GTD abgespeckt: Weshalb ich keinen (physischen) Eingangskorb mehr nutze

Eines der wichtigsten Instrument bei GTD (Getting Things Done) ist der Eingangskorb. Bei diesem geht es darum, die möglichen Eingänge und Zugänge zu Ihrer Arbeitswelt möglichst zu minimieren.

In diesem Artikel erkläre ich Ihnen, weshalb ich keinen eigentlichen Eingangskorb mehr nutze, weshalb ich jedoch die Idee dahinter nach wie vor überzeugend finde.


Der Eingangskorb in Getting Things Done (GTD)

Alle Dinge, die Ihre Welt betreten wollen, werden zunächst in einem Eingangskorb gesammelt. Das können Ideen sein, die Ihnen im Verlaufe des Tages einfallen, Briefpost, E-Mails, Dokumente, die der Kollege rasch bringt und vieles mehr. Im Eingangskorb landen also alle unerledigten Dinge oder Dinge mit einem losen Ende (d.h. die noch nicht erledigt und noch nicht ins System eingepflegt wurden).

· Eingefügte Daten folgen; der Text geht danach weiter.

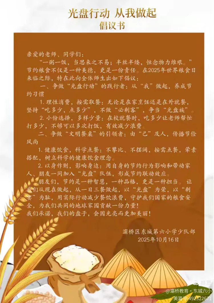 金秋十月,稻谷飘香。10月16日是一年一度的“世界粮食日”,为了让每一位学生都懂得“一粥一饭,当思来之不易”的道理,西安市灞桥区东城第六小学开展了系列主题教育活动,将“爱粮节粮”的种子,深深植根于孩子们的心田。
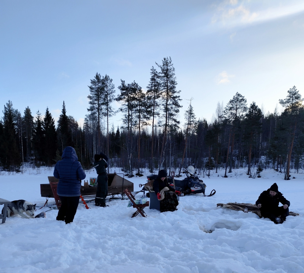 Eisangeln ist für die ganze Familie geeignet. Die Ausbeute ist meistens bescheiden aber das gemeinsame Erlebnis auf dem Eis ist das besondere. Löcher ins Eis bohren, Angel rein halten und abwarten. Parallel kann auf einer Feuerstelle gegrillt und Kaffe ode Tee zubereitet werden.
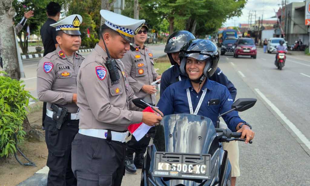 AksaraMedia.com | Tenggarong – Dalam rangka menyambut Hari Ulang Tahun (HUT) ke-80 Kemerdekaan Republik Indonesia, Kepolisian Resor Kutai Kartanegara (Polres Kukar) menggelar aksi simpatik dengan membagikan bendera Merah Putih dan bunga kepada para pengguna jalan, Selasa (5/8/2025). Kegiatan ini menjadi salah satu bentuk nyata upaya Polres Kukar dalam menanamkan semangat nasionalisme dan memperkuat rasa cinta Tanah Air di tengah masyarakat.
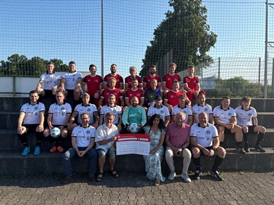 Im Anschluss an die Scheckübergabe bot der FC Eichenkreuz auf dem Platz eine überzeugende Leistung und gewann das Spiel gegen den FC Amtsschimmel mit 3:0. Bei bestem Fußballwetter zeigten die Spieler des CVJM ihre Spielfreude und Teamstärke,während die anwesenden Zuschauer die Begegnung in familiärer Atmosphäre verfolgten. „Es ist uns ein Anliegen,unser Jubiläumsjahr mit einem sozialen Beitrag für Menschen in schwierigen Lebenssituationen zu verbinden“,betonte Präsident Ulrich Steinbach bei der Übergabe. Mit der Spende an das Hospiz setzt der CVJM Göppingen Abteilung Eichenkreuz ein sichtbares Zeichen für gelebte Nächstenliebe – passend zu 50 Jahren gelebtes Miteinander im Landkreis Göppingen.

Der Eingangskorb wird dann regelmässig, im Idealfall täglich, nach einem sehr einfachen Prozess abgearbeitet. Er funktioniert also nach dem Briefkasten-Prinzip: Hier landen die unerledigten Dinge, und der Korb wird dann täglich geleert. Was sich darin befand, wird abgearbeitet oder erledigt.


Ihre Eingangskörbe

Egal, ob Sie nach GTD arbeiten oder nicht: Sie haben auch schon ein paar Eingangskörbe. Denken Sie an den Briefkasten für Ihre Post, vielleicht haben Sie eine Briefablage auf Ihrem Tisch, die mit „Eingang“ beschriftet ist, oder denken Sie an den Posteingang für E-Mails.

GTD schlägt vor, so wenige Eingangskörbe wie möglich zu nutzen und für analoge Dinge und Dokumente nur einen Korb auf den Tisch zu stellen.


Meine Alternative

Dieses Prinzip hat mir viele Jahre geholfen, meine Ordnung aufrecht zu erhalten. Mit der Zeit habe ich aber auch die Nachteile von dem Korb entdeckt: Dadurch, dass alles schön in dem Korb lag, sah der Tisch so oder so aufgeräumt aus (was mir sehr wichig ist). Es gab aber keinen eigentlich Anreiz, den Korb regelmässig abzuarbeiten.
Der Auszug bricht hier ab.